### [Records from a data source]
------------------------
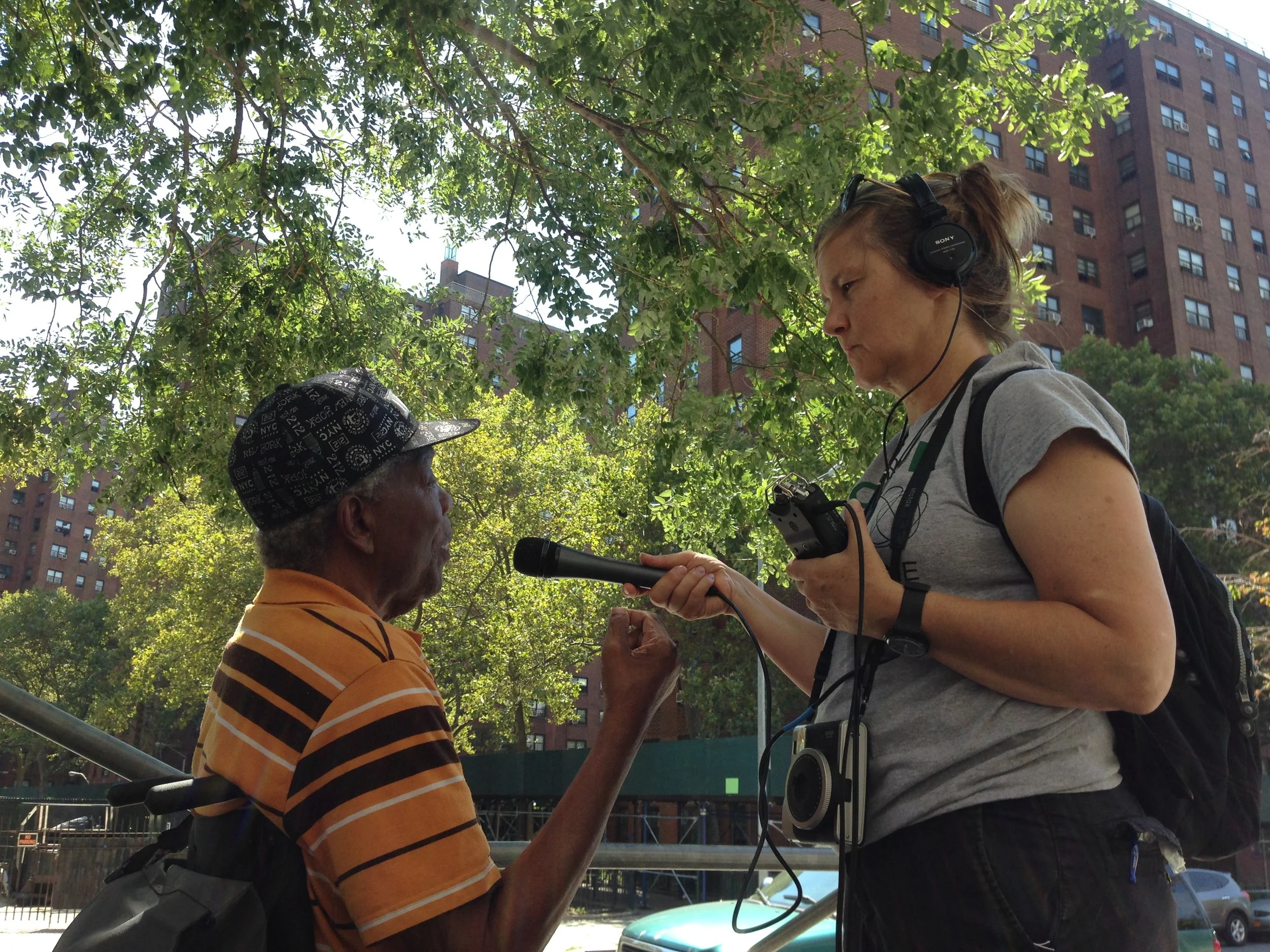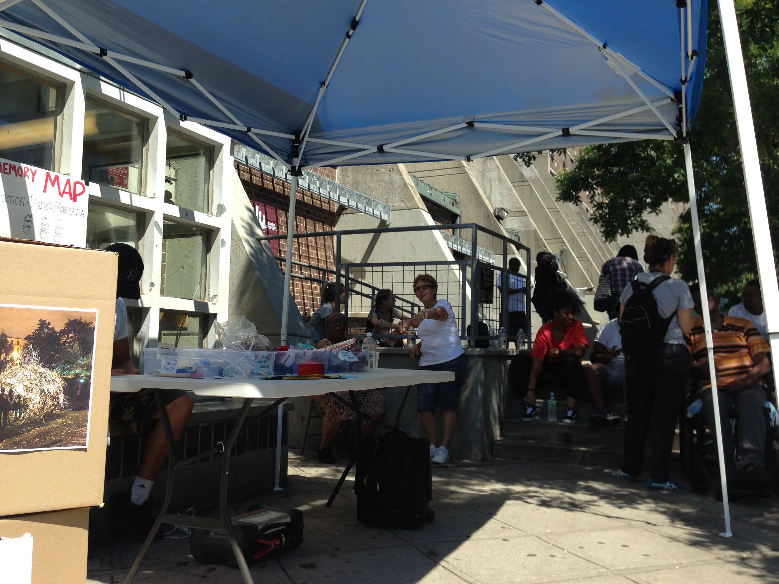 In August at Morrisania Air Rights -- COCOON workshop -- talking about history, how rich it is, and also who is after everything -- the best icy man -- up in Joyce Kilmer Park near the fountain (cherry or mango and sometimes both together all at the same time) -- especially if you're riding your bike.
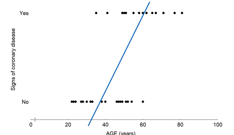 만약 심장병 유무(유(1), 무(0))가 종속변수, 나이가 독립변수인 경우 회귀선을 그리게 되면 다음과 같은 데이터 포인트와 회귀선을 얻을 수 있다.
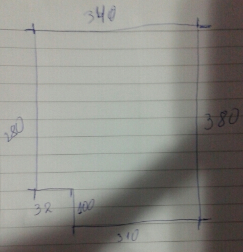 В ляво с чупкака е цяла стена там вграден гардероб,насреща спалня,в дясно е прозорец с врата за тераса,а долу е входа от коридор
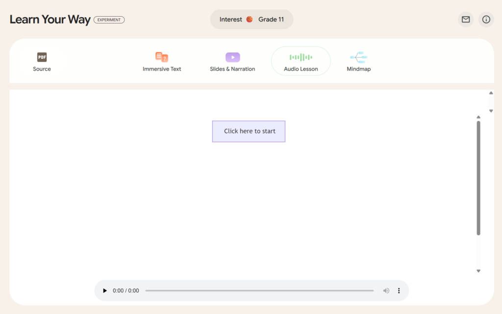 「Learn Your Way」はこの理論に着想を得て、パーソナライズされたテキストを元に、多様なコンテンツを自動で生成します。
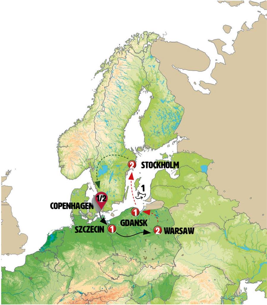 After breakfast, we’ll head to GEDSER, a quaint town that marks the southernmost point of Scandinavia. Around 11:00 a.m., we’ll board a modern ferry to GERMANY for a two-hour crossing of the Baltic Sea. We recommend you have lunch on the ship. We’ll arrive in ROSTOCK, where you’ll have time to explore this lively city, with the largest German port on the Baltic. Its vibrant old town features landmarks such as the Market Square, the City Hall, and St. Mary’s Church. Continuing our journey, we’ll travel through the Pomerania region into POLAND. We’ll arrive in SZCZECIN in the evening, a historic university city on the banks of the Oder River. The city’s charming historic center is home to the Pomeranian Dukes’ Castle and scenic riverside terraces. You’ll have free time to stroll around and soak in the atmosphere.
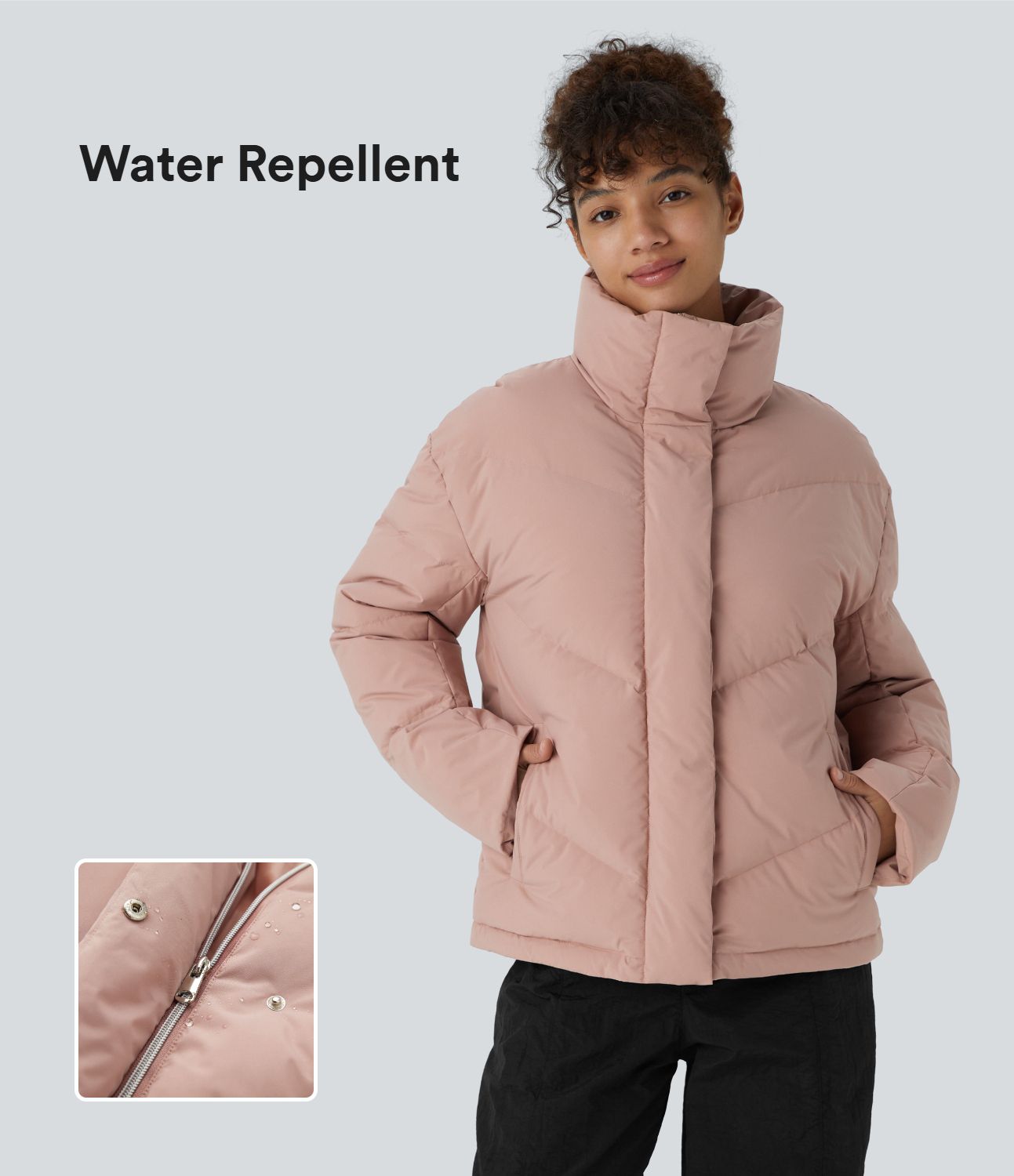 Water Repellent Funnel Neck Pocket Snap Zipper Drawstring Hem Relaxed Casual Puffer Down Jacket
------------------------
### [What to do]
Give again, word for word, the line containing "After breakfast, we’ll" and every line after it to the end of the records; leave out the pictures.

### [Answer section]
 After breakfast, we’ll head to GEDSER, a quaint town that marks the southernmost point of Scandinavia. Around 11:00 a.m., we’ll board a modern ferry to GERMANY for a two-hour crossing of the Baltic Sea. We recommend you have lunch on the ship. We’ll arrive in ROSTOCK, where you’ll have time to explore this lively city, with the largest German port on the Baltic. Its vibrant old town features landmarks such as the Market Square, the City Hall, and St. Mary’s Church. Continuing our journey, we’ll travel through the Pomerania region into POLAND. We’ll arrive in SZCZECIN in the evening, a historic university city on the banks of the Oder River. The city’s charming historic center is home to the Pomeranian Dukes’ Castle and scenic riverside terraces. You’ll have free time to stroll around and soak in the atmosphere.
 Water Repellent Funnel Neck Pocket Snap Zipper Drawstring Hem Relaxed Casual Puffer Down Jacket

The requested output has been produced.